> _Stored items from a collection_
§ §

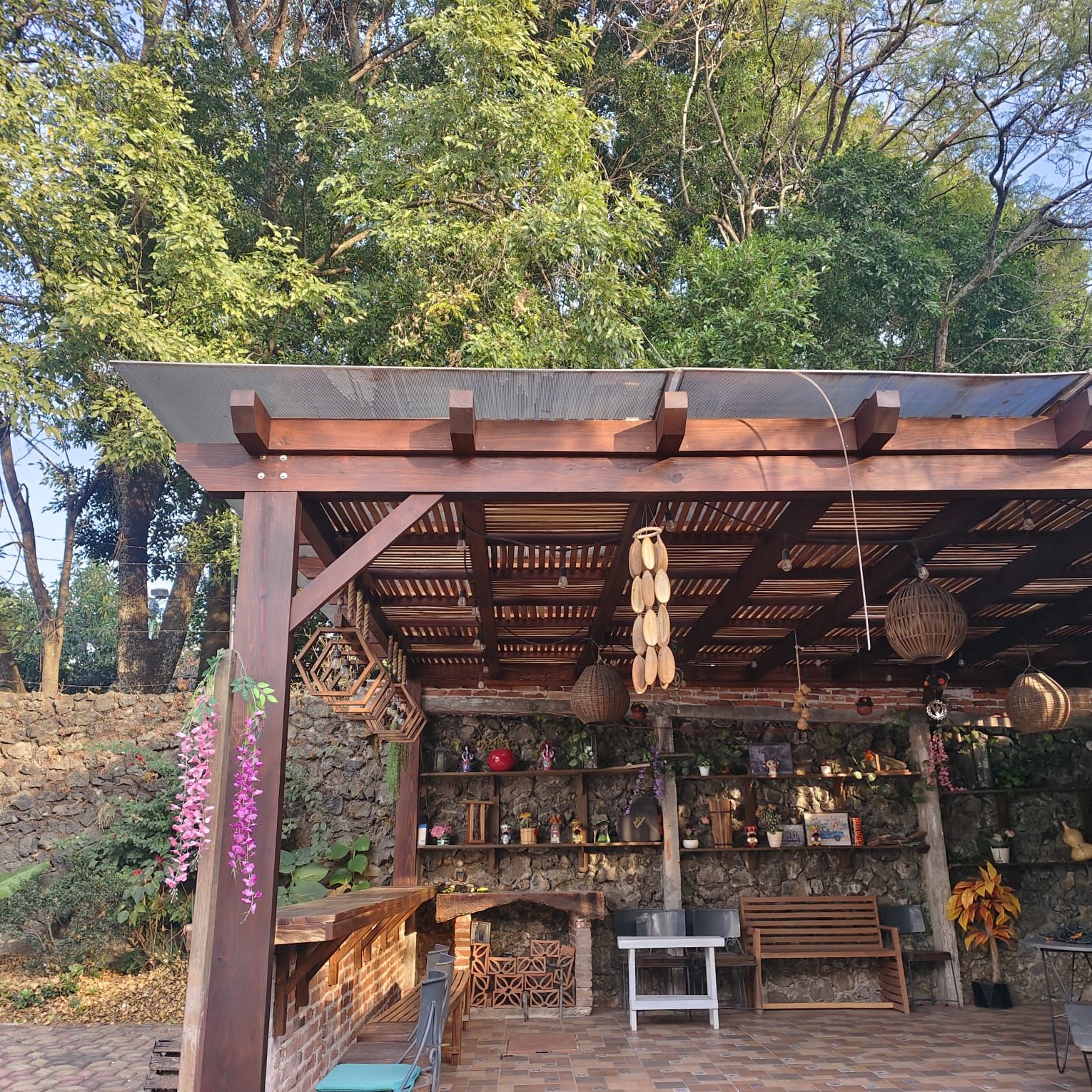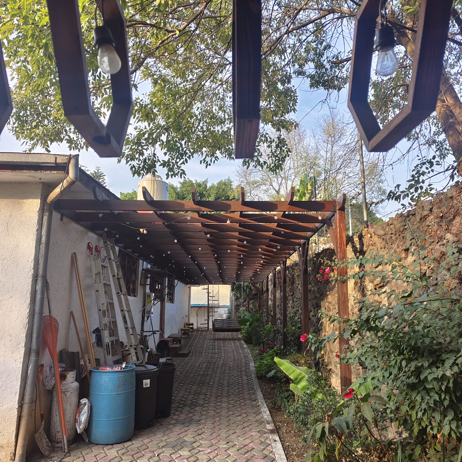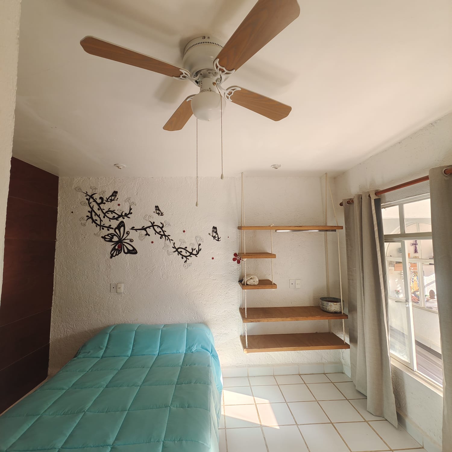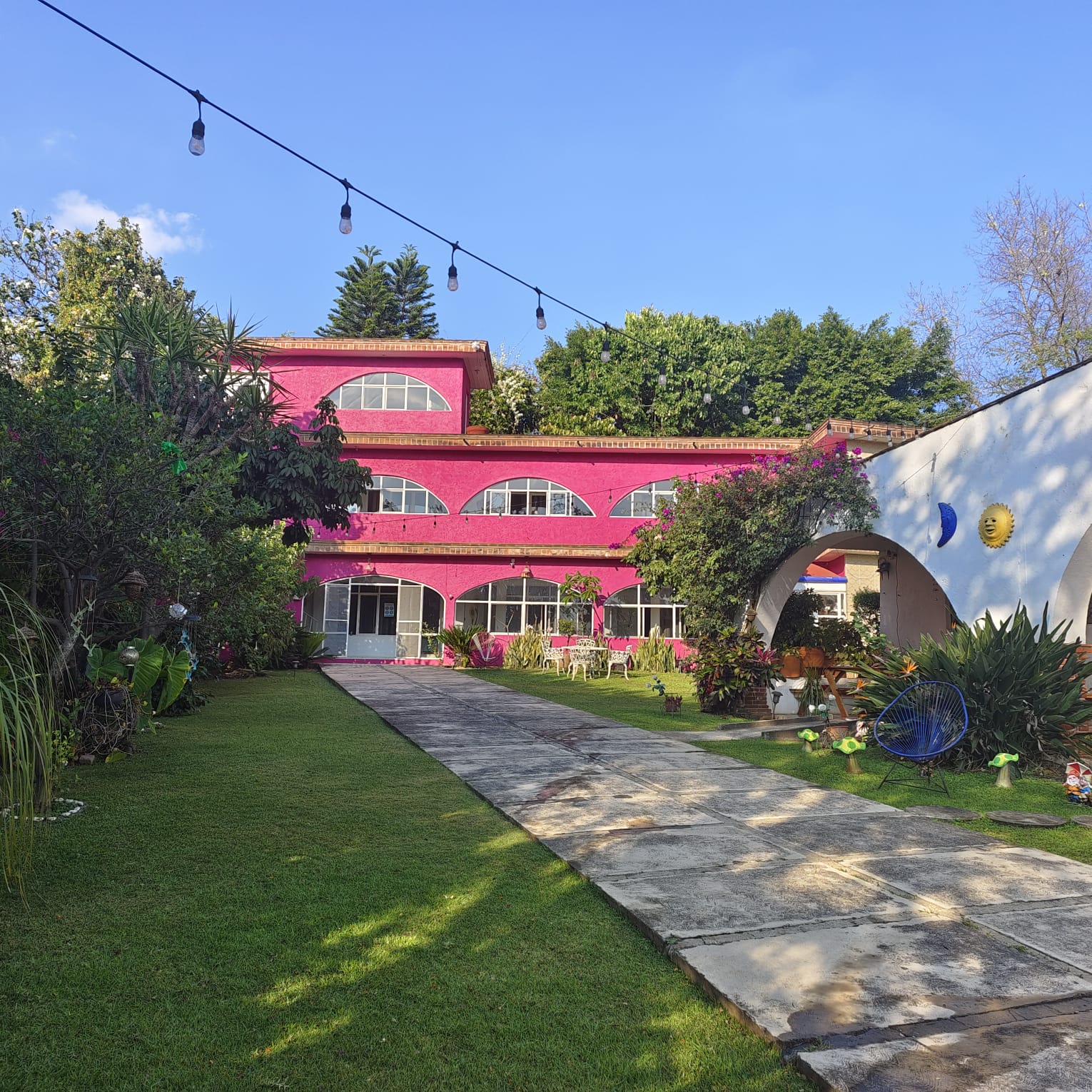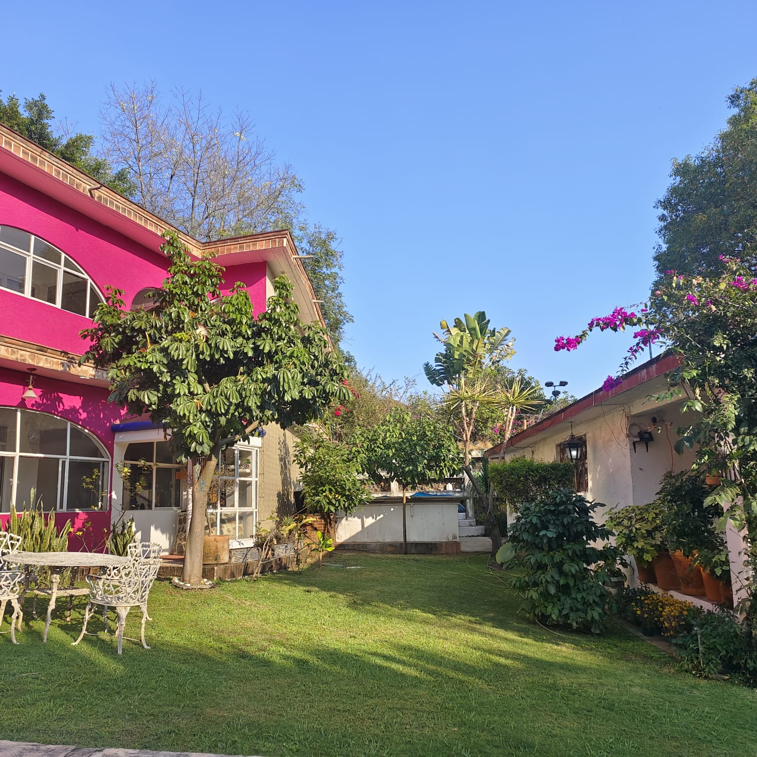 Casa principal con 3 habitaciones y 2 baños, cocina, sala, comedor con chimenea.
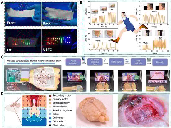 Furthermore, Zheng et al. created ultrahigh-density micro-liquid metal electrodes (μLME) arrays for capturing electrocorticography (ECoG) signals from soft, curved, and complex neural interfaces [98]. These μLME arrays were applied to cover major cortical subdomains in rats, including motor, somatosensory, visual, and retrosplenial cortices. The μLME arrays are characterized by small-diameter round electrode units (500 μm), fine interconnections (40 μm), and a high channel density of 100 electrodes per square centimeter. Their mechanical compliance, similar to that of brain tissue, allows for conformal attachment to the cortical surface, as illustrated in Figure 8D. The μLMEs demonstrated long-term biocompatibility, with successful implantation for over 8 months.
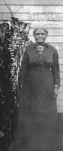 Caroline reportedly exhibited the ability to make accurate prophecies early on in her life.[2] At just 10 years old, she was a house girl helping to set the table for the Tracy family table for Thanksgiving dinner when she insisted that there weren't enough plates set at the table because "Mister Charley," William's brother, would be coming to dinner. This was dismissed by everyone, as Charley was believed to have been a causality of the Civil War just four years earlier. However, when Charley actually showed up to dinner later that day with his tale of being taken prisoner, they all had to admit there was something quite miraculous about Caroline.[2][3] This account creates further confusion about her birthdate because the war only lasted four years. If she was 10 years old in 1865, the last year the war ended, that would put her birth year in 1855.[3]
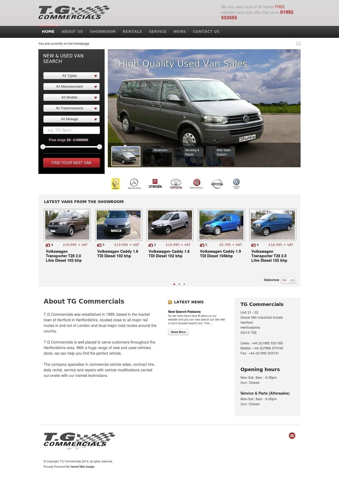 TG Commercials Goes Live Commercial Van sales and Rentals in Hertfordshire. The site has had a complete face lift with a whole raft of new functionality added.
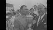 Title: "Hogan Golf Champ - 'Mr. Comeback' Does It Again!" superimposed over crowd walking / CU Ben Hogan, golf champion, getting ready to tee off during US Open play at the Oakland Hills Country Club in Bloomfield Hills, MI / CU Hogan / MS Hogan teeing off / Back view of gallery waking / WS crowd walking / MS player out of trap, ball hits hill and then starts to roll downhill / MS Hogan putting, follow ball misses cup / crowd watching / golfer Jimmy Demaret putting, ball hits cup and bounces away / MS Bobby Locke, British Open champion from South Africa, sinks a putt / 18th hole / WS golf course / VS Hogan getting ready to putt / crowd / Hogan getting ready to putt and hits ball and ball drops into hole at right of crouched man, crowd cheers as Hogan walks off / Hogan posing with caddy / CU Hogan gets trophy / CU Hogan holding trophy posing with man
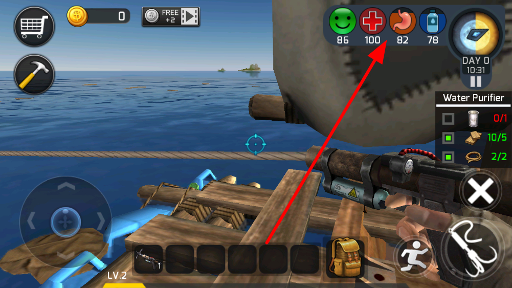 4、時刻關注自身的健康、飽腹、飲水等生存狀態(tài),當相關狀態(tài)數(shù)值降低時,及時使用對應的補給來恢復,確保能在海上持續(xù)生存下去。
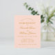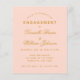 A simple engagement party invitation with a modern colour: blush pink. It has only golden text on blush background. The names are written in an elegant calligraphic script, the rest in caps. the first line is arched text.

§ §

> _ACTION ITEM_
Please transcribe exactly the lines from the start of the records through the line containing "Caroline reportedly exhibited", leaving the pictures out.

> _RESPONSE AREA_
 Casa principal con 3 habitaciones y 2 baños, cocina, sala, comedor con chimenea.
 Furthermore, Zheng et al. created ultrahigh-density micro-liquid metal electrodes (μLME) arrays for capturing electrocorticography (ECoG) signals from soft, curved, and complex neural interfaces [98]. These μLME arrays were applied to cover major cortical subdomains in rats, including motor, somatosensory, visual, and retrosplenial cortices. The μLME arrays are characterized by small-diameter round electrode units (500 μm), fine interconnections (40 μm), and a high channel density of 100 electrodes per square centimeter. Their mechanical compliance, similar to that of brain tissue, allows for conformal attachment to the cortical surface, as illustrated in Figure 8D. The μLMEs demonstrated long-term biocompatibility, with successful implantation for over 8 months.
 Caroline reportedly exhibited the ability to make accurate prophecies early on in her life.[2] At just 10 years old, she was a house girl helping to set the table for the Tracy family table for Thanksgiving dinner when she insisted that there weren't enough plates set at the table because "Mister Charley," William's brother, would be coming to dinner. This was dismissed by everyone, as Charley was believed to have been a causality of the Civil War just four years earlier. However, when Charley actually showed up to dinner later that day with his tale of being taken prisoner, they all had to admit there was something quite miraculous about Caroline.[2][3] This account creates further confusion about her birthdate because the war only lasted four years. If she was 10 years old in 1865, the last year the war ended, that would put her birth year in 1855.[3]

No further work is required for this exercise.